Tracking loss in Unity

When the device can't locate itself in the world, the app experiences "tracking loss". By default, Unity will pause the update loop and display a splash image to the user anytime tracking is lost. Once tracking is regained, the splash image goes away and the update loop continues.

As an alternative, the user can manually handle this transition by opting out of the setting. All content will seem to become body locked during tracking loss if nothing is done to handle it.

Default Handling

The update loop and all messages and events will stop for the duration of tracking loss by default. At that same time, an image will be displayed to the user. You can customize this image by going to Edit->Settings->Player, clicking Splash Image, and setting the Holographic Tracking Loss image.

Manual Handling

To manually handle tracking loss, you need to go to Edit > Project Settings > Player > Universal Windows Platform settings tab > Splash Image > Windows Holographic and uncheck "On Tracking Loss Pause and Show Image". After which, you need to handle tracking changes with the APIs specified below.

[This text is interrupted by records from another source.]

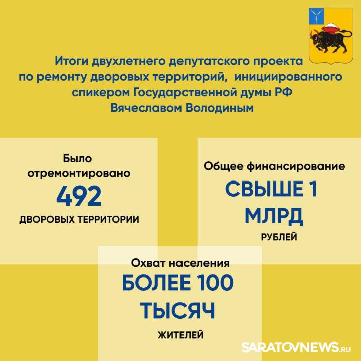 Накануне в Энгельсе завершен депутатский проект по ремонту дворовых территорий, инициированный спикером Государственной Думы РФ Вячеславом Володиным. Он помог благоустроить дворы, где жители не видели ремонта многие годы.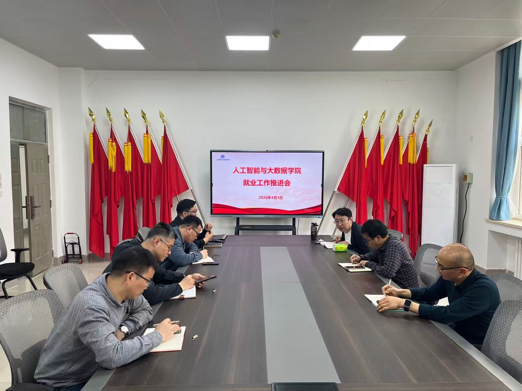 为扎实做好 2026 届毕业生就业工作,精准对接就业需求、全力推进考研调剂服务,4月3日,人工智能与大数据学院在6371会议室,召开就业工作推进会。学院党委书记杜鹏、院长樊超、党委副书记赵志洋及各科室负责人、各系主任参加会议。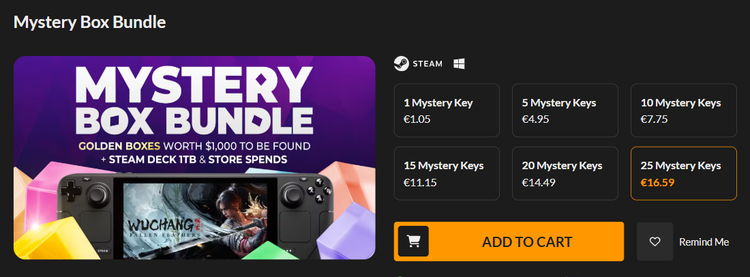 Να σημειώσουμε ότι τα κλειδιά που αγοράζουμε με το Mystery Box Bundle είναι κρυφά. Μαθαίνουμε τι αγοράσαμε μόνο όταν η ιστοσελίδα προσθέσει τα κλειδιά στον λογαριασμό μας.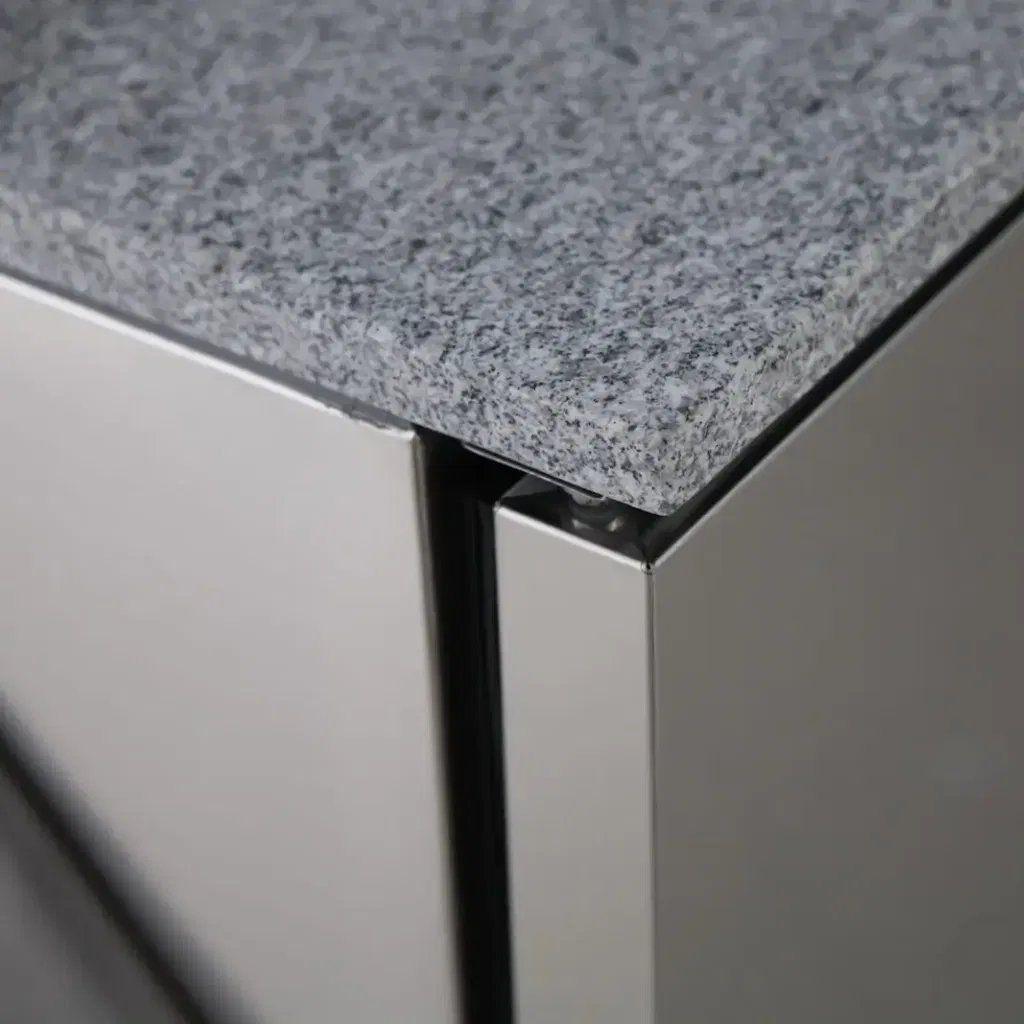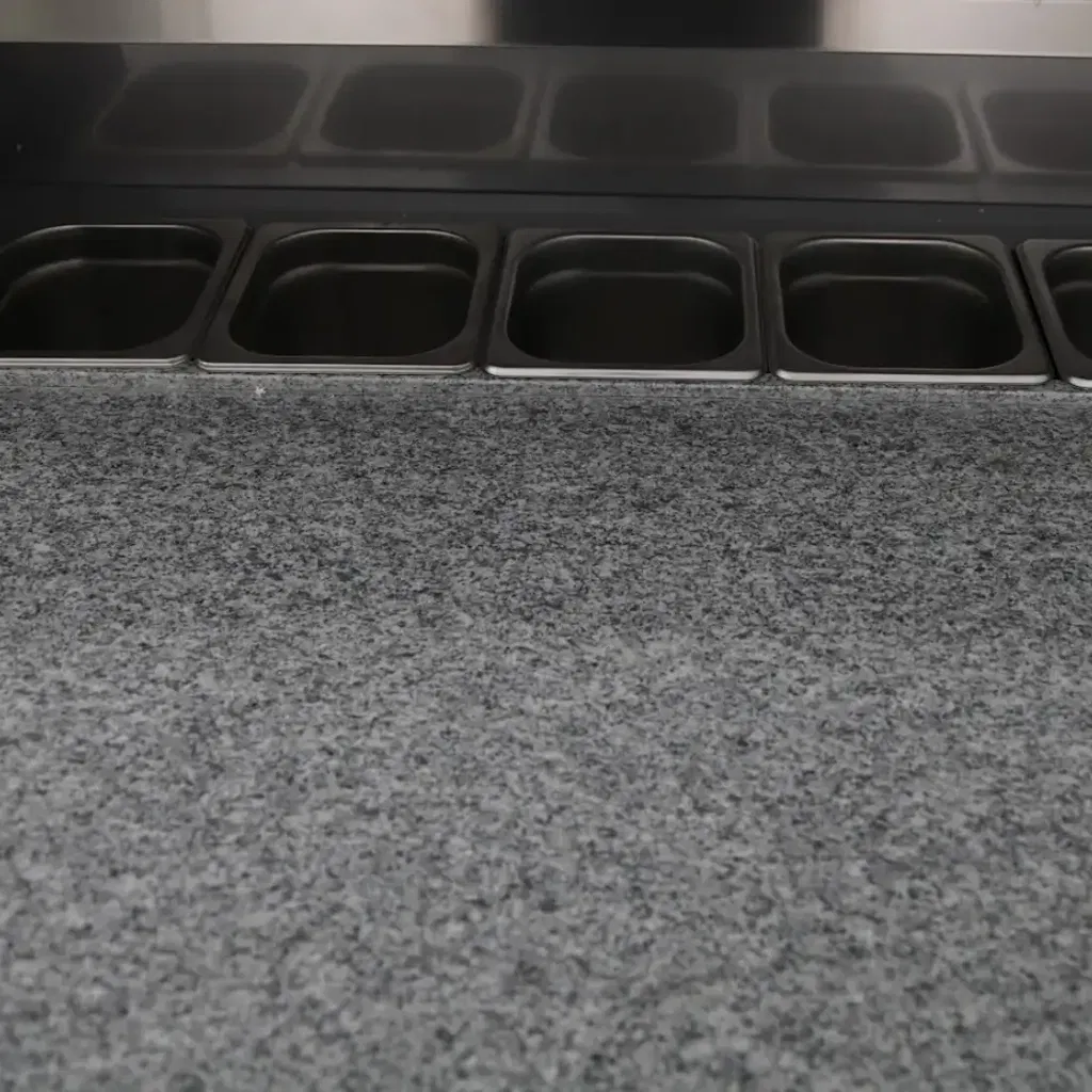 Kallskänksbänk med granittopp och hylla.

Namespace: UnityEngine.XR.WSA
Type: WorldManager

  • World Manager exposes an event to detect tracking lost/gained (WorldManager.OnPositionalLocatorStateChanged) and a property to query the current state (WorldManager.state)
  • When the tracking state isn't active, the camera won't appear to translate in the virtual world even as the user translates. Objects will no longer correspond to any physical location and all will appear body locked.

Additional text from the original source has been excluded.